At the very warmest and most satisfying moment in Thanksgiving Day dinner yesterday, when all was right with the world and I felt truly thankful for my good fortune, a thought struck my skull like a hammer against a church bell.
"What about the commenters?"
On Thanksgiving Day, Hanukkah, Christmas, the end of Ramadan, we abandon our blogs without a thought and gather happily at the hearth with loved ones, but where do the commenters go? Who tells their old stories and sings their old songs with them? Mavdog, RTGolden1, The Credible Hulk, Myrna, ThePosterFormerlyKnownasPaul: Does anyone prepare a feast for them?
I shook it off and enjoyed the rest of a long afternoon in the comfort of family, but when I lay my head on the pillow and prepared to fall asleep last night the thought revisited me like a vengeful spirit: "How can you slumber," the spirit asked, "not knowing where the commenters spent this chilly day and what they did without the blog?"
I tried to quiet myself by imagining what it might be like to host a wonderful holiday feast for the commenters. I pictured myself as a kindly, somewhat tipsy English country squire in a red velvet vest with an even redder nose, standing out in front of a stately pillared mansion at the top of a frost-bitten hill, greeting my guests as they showed up in response to my disinvitations.
Well, I would have to disinvite them to get them to show up. The card would say something like, "Major Feast Friday at the Schutze Mansion. RSVPs requested from libtards only. Commenters need not even reply." That would bring them in by the droves.

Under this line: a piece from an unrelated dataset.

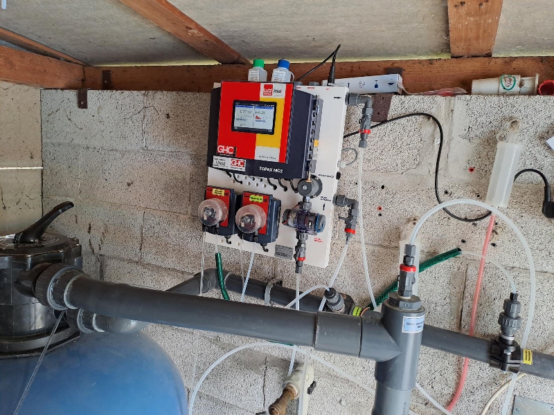 Dodávka a montáž měřiče a regulátoru pro dávkování chloru, úpravu pH a redox potenciálu včetně vločkovače pro koupelový bazén s objemem 10 m3. Dodáno spolu se středotlakou UV lampou s automatickým stěračem.

I would be so excited to see them show up, because I would be so curious to see what they looked like. I imagine a good number of them would be in the company of their over-protective mothers. Some of the older ones, of course, would be drunk. Possibly some of the younger children as well. I imagine many of them would be carrying axes, which I would ask them to check with the valet at the door. But I also think that most of them would look like perfectly normal people. In other words, they would come wearing clever disguises.
The real fun would be the electrifying banter around the table. "OK, you got us with the joke turkey, now when do we get the real one?" "Why doesn't anyone ever talk about Scandinavian-American on Scandinavian-American crime?" "Do you mind if I put my cats on the table?" "Where were you at Benghazi?" "I'm eating so much I'm going to need Obamacare."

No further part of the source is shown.